◆ **GOAL OF THE EXERCISE**
Repeat word for word, please, only the lines of the material from the one containing "Kaza, Rusya'nın Omsk" through its final line, both ends included.

◆ **TASK INPUT**
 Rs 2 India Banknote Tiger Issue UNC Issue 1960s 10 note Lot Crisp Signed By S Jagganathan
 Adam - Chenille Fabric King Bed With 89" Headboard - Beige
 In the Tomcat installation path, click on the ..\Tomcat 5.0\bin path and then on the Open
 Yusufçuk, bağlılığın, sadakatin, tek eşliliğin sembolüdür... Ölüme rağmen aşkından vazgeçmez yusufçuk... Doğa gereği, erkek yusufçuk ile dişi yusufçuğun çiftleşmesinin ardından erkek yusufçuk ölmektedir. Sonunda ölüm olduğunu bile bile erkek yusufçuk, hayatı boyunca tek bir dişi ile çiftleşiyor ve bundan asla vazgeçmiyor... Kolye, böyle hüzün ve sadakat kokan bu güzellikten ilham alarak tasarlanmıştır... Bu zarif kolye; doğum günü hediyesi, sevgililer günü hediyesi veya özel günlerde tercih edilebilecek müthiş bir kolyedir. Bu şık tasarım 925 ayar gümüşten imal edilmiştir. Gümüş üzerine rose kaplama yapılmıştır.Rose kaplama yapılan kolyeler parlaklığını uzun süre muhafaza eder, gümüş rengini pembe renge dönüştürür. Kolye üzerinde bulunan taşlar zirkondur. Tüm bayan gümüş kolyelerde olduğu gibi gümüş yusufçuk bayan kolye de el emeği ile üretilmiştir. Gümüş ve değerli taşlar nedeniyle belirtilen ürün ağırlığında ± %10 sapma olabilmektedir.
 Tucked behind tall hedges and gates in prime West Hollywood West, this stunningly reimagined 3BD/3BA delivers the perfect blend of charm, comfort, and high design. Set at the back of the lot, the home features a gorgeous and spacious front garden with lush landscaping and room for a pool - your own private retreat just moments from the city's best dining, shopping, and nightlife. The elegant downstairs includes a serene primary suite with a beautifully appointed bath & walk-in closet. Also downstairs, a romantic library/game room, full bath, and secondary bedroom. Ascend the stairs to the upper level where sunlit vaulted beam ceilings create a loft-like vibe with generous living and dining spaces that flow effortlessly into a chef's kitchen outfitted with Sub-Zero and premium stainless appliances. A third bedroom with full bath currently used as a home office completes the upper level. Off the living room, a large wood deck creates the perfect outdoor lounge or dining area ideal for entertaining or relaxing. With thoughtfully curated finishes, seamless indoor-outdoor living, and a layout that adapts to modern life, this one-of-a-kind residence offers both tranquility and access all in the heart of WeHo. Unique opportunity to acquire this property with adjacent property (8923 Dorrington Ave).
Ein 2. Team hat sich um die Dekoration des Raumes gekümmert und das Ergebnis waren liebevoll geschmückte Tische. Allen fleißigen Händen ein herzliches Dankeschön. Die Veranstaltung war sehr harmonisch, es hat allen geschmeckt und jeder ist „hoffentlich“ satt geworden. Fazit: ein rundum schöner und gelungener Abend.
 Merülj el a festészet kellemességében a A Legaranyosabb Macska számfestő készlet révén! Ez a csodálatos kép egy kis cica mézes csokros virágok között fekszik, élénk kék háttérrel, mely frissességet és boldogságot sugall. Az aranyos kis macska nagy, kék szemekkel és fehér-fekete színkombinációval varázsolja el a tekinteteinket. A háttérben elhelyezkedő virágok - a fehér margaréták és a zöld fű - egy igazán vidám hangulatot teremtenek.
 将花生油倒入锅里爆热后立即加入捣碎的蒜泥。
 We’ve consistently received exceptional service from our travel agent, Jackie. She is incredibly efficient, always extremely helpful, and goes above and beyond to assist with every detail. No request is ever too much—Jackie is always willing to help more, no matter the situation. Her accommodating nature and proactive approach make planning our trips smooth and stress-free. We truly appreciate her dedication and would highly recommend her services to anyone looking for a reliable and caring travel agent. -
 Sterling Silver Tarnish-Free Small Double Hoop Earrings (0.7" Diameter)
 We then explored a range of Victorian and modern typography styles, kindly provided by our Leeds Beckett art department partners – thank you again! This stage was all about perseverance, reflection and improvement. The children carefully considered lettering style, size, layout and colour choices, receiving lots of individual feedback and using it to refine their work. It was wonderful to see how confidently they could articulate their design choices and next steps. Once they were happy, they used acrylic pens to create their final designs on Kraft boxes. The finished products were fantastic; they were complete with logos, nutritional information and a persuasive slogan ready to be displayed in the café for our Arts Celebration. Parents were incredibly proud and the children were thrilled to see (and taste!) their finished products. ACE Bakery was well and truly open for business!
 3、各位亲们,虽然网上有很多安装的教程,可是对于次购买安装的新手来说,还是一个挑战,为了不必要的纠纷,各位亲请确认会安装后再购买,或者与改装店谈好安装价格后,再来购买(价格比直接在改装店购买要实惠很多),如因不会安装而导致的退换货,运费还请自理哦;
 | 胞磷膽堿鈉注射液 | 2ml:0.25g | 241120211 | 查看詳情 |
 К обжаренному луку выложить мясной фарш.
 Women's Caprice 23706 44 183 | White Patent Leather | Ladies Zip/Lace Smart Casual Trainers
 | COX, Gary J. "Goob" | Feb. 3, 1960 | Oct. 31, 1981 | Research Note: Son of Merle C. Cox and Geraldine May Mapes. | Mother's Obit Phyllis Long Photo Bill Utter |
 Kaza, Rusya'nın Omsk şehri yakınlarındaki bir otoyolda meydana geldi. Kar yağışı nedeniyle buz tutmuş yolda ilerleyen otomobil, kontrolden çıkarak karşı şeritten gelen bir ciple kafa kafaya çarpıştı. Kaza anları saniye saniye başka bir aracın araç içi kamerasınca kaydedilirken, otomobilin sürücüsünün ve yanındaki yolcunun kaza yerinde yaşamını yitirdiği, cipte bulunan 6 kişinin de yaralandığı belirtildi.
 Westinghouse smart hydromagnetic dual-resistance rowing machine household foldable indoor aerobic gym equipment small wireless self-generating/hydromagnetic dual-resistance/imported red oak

◆ **YOUR SOLUTION**
 Kaza, Rusya'nın Omsk şehri yakınlarındaki bir otoyolda meydana geldi. Kar yağışı nedeniyle buz tutmuş yolda ilerleyen otomobil, kontrolden çıkarak karşı şeritten gelen bir ciple kafa kafaya çarpıştı. Kaza anları saniye saniye başka bir aracın araç içi kamerasınca kaydedilirken, otomobilin sürücüsünün ve yanındaki yolcunun kaza yerinde yaşamını yitirdiği, cipte bulunan 6 kişinin de yaralandığı belirtildi.
 Westinghouse smart hydromagnetic dual-resistance rowing machine household foldable indoor aerobic gym equipment small wireless self-generating/hydromagnetic dual-resistance/imported red oak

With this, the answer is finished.